According to the lawyer Luis Gonzalez of Lawbird Legal Services SLP, working on behalf of the claimants, the ruling confirms that operating in breach of mandatory banking and financial regulations makes the offender a ‘boiler room’, even if the company was legally operating in its own country. It also allows the victims to “end the nightmare” which has blighted them and their families for the best party of 15 years.

The Supreme Court establishes another important factual point: that SLM was indeed an investment services’ company because “the combination of a loan and its application to an investment fund is a financial instrument of those listed on article 2 of the Stock Exchange Act”, being immaterial if claimants had or not sued related investment companies since who really managed the fund was SLM, and those investment companies were nothing but agents acting for and on behalf of SLM.

Finally, the Supreme Court determines that SLM operated as a Collective Investment Fund since they a) raised funds from the public, b) invested those funds in an investment scheme and c) subjected the distribution of profits to the outcome of the fund.

The sale of this product was conducted via commission-earning financial advisory firms (Hamiltons Financial Services, Henry Woods Investment Management, and others), based in Estepona, Marbella and Fuengirola.

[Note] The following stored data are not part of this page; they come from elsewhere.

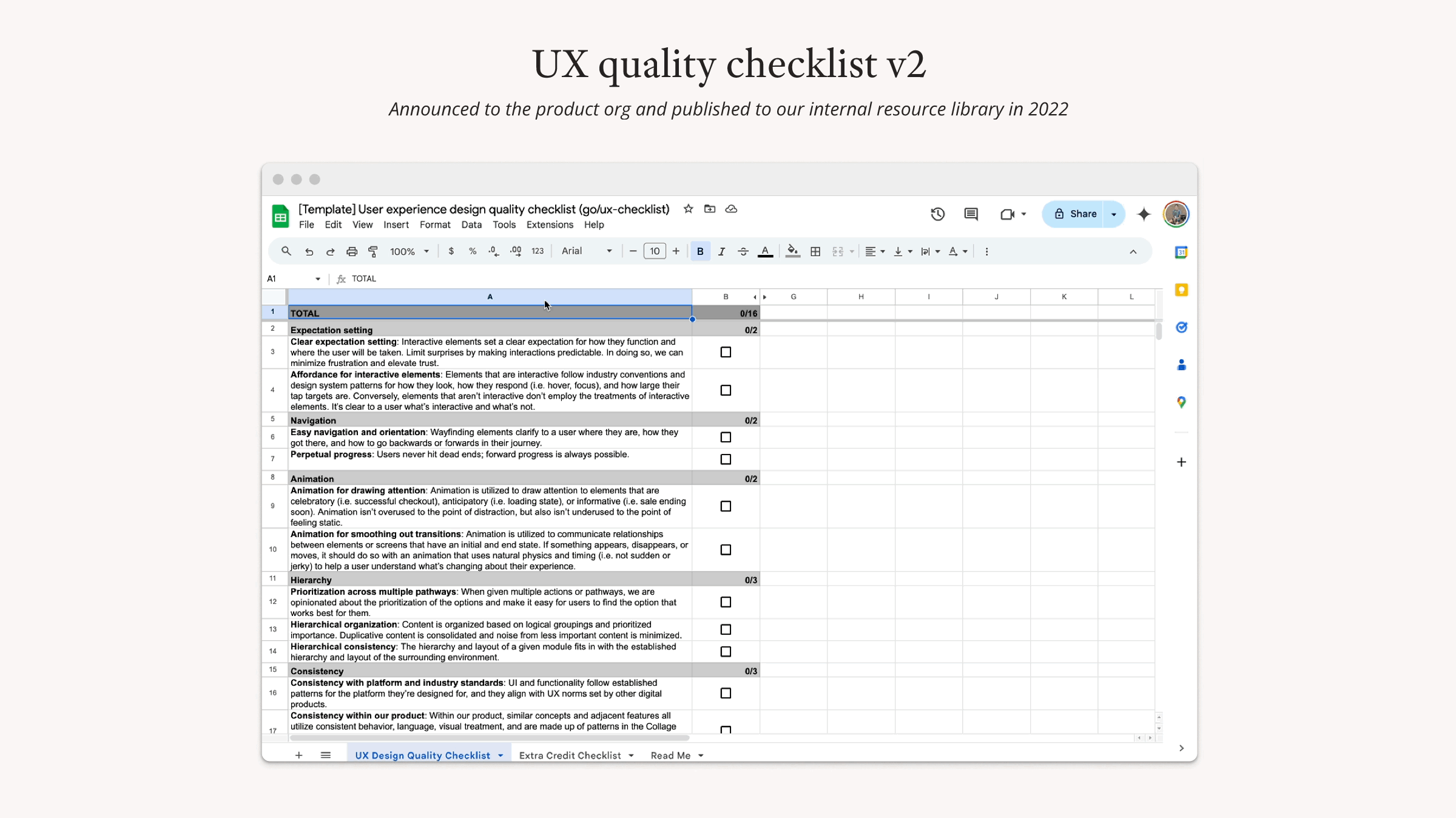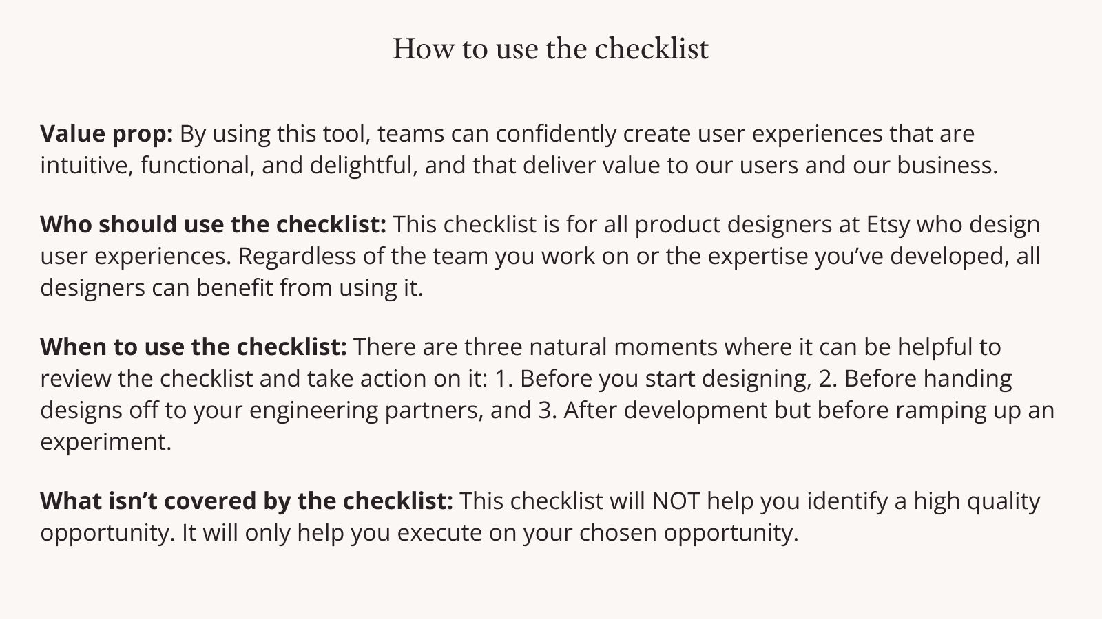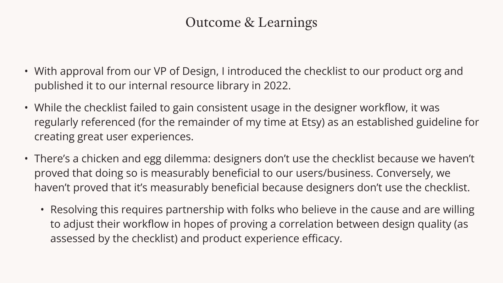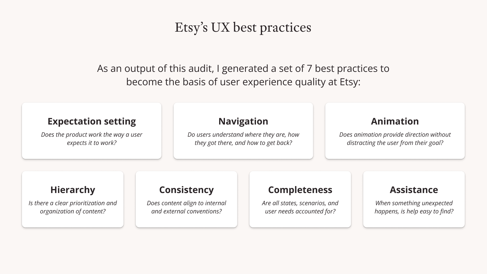In 2018, I became invested in operationalizing design quality in pursuit of standardizing our UX quality benchmark and leveling up the polish and efficacy of user experiences at Etsy.
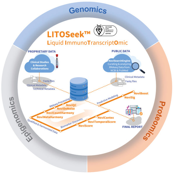 Traditional tumor biopsy techniques, while informative, face limitations due to tumor heterogeneity and accessibility challenges at various metastatic sites throughout a patient’s treatment journey. Advances in next-generation sequencing technology (NGS) have enabled the development of non-invasive methods for blood-based biomarker detection, commonly referred to as a liquid biopsy (LBx). Novigenix’s pioneering liquid biopsy technology platform LITOSeek™ (Liquid ImmunoTranscriptOmics) leverages whole-blood LBx RNA-sequencing to capture patient-specific transcriptomic profiles. By integrating next-generation sequencing and AI technologies, LITOSeek™ excels in discovering robust blood-based RNA biomarkers and creating precise, specialized predictive models. Furthermore, the platform integrates LBx genomic mutations (ctDNA) for multimodal assessment of disease with unprecedented predictive capabilities, and it is compatible with other omics data such as methylation and proteomics for comprehensive assessment of patient profiles.
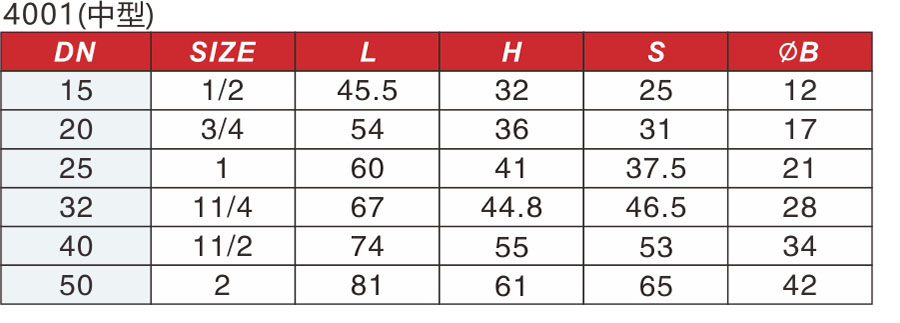 注: 4001中型止回閥、4002重型止回閥 密封材料有銅密封和硅膠密封配件。

SLMF also recommended a network of lawyers which would downplay the extent of the lack of licensing requirements of the bank and the product.

The Spanish Supreme Court has the ultimate appellate jurisdiction over all cases in Spain. This means that the dismissal of the appeal is the end of the process to have the “SITIRS” product reviewed judicially; the only exception to this rule is a very restrictive appeal to the Constitutional Tribunal in the event that the appellant could prove violation of fundamental rights and freedoms, a very unlikely scenario in a case involving a bank.